Celia Pearce, in her essay Toward A Game Theory Of Game, argues that games focus on the aspect of play.  Literature, she argues, focuses on the story aspect.  This leads to her discussion of mimesis and agency later in the essay. Pearce uses the example of a game of chess as an example.  Chess, she argues, uses “strategic conflict” between whoever is playing instead of empathy like in Macbeth for example.  In chess, there is no dialog to portray the King or Queen.  You could place the characters from Macbeth on a chess board, but it is hardly Macbeth anymore without dialog or a previous close reading of the play.  Without this previous encounter, the reader or player cannot have empathy with, for example, the plight of Lady Macbeth. 

An example from the gaming world could come from sports.  In the old days of Nintendo, before major sports leagues licensed out their intellectual property to game makers, a baseball game would have make believe teams.  Baseball Stars has teams made up of fictional and historical characters.  Even if you're at bat with “Frankenstein” it is hard to emphasize with his situation because it is absurd to believe he would ever be placed in a situation like that.  However, when playing MVP Baseball 2005 for my Playstation II I can emphasize with Randy Johnson striking out David Ortiz when the Yankees play the Red Sox because there is a story there.  Even in a fictional video game there is still a back story to their rivalry that has heated up in the past ten years.  If a gamer went back to Baseball Stars and created two teams, called them the Red Sox and Yankees, and created all of the current players like Ortiz, Derek Jeter, etc, and then had them play a best of seven playoff there could be empathy. 

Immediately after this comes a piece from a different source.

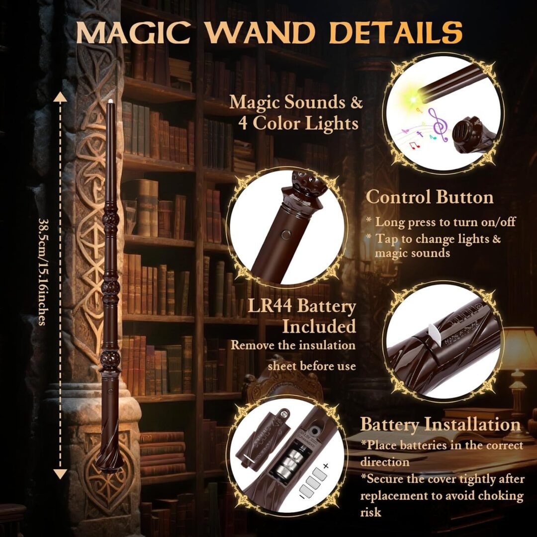• EFFORTLESS PLAY FOR KIDS – Designed for simplicity, this wizard wand features an easy-to-use button that powers the wand on and off; a quick press allows children to switch between light and sound modes, ensuring hours of magical fun.

Mimesis reflects reality.  I can emphasize with Derek Jeter as he tries to drive in a run to beat the hated Red Sox.  When Curt Shilling strikes me out to end a rally I am enraged because I think Shilling is an idiot.  When playing Baseball Stars, while I do get upset and disappointed when I lose, losing with “Larry” the pitcher the game automatically created for me doesn't quite have the emotional background that losing to Shilling would. 

However, even without Jeter there, I think there can still be empathy.  If I create a team in Baseball Stars, or MVP even, I can project onto them a bit of back story and intrigue so that the game is enjoyable.  Their winning or losing, while pleasurable if the former, isn't quite the emotionally high stake roller coaster that losing to the Red Sox would ever be.